# Introduction to ggvenn Package in R (4 Examples)

On this page you’ll learn how to create venn diagrams using the ggvenn package in R programming.

The article will consist of these contents:

Let’s just jump right in!

## Basic Information about the ggvenn Package

The ggvenn package, created by Linlin Yan, provides an easy-to-use way to draw venn diagrams using the typical ggplot2 syntax and layout. The package hence makes it possible to match the style and design of venn diagrams to other graphics created by the ggplot2 package.
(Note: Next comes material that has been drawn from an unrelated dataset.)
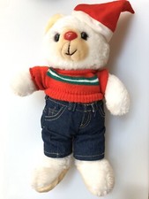 Vintage Lee Jeans Teddy Bear Plush Stuffed Santa Claus Christmas Toy Advertising
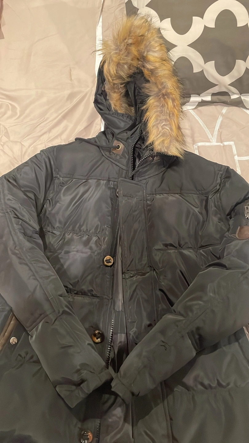 Warm winter parka. Features a fur-lined hood, zipper and button closure, and multiple pockets. Good for cold weather.

Before we jump into the exemplifying R codes…

• Here you can find the documentation of the ggvenn package.
• Here you can find the CRAN page of the ggvenn package.
• Here you can find the GitHub page of the ggvenn package.

Check out the previous links for more instructions on how to use the ggvenn package in the R programming language.

So far so good, let’s move on to the example codes in R!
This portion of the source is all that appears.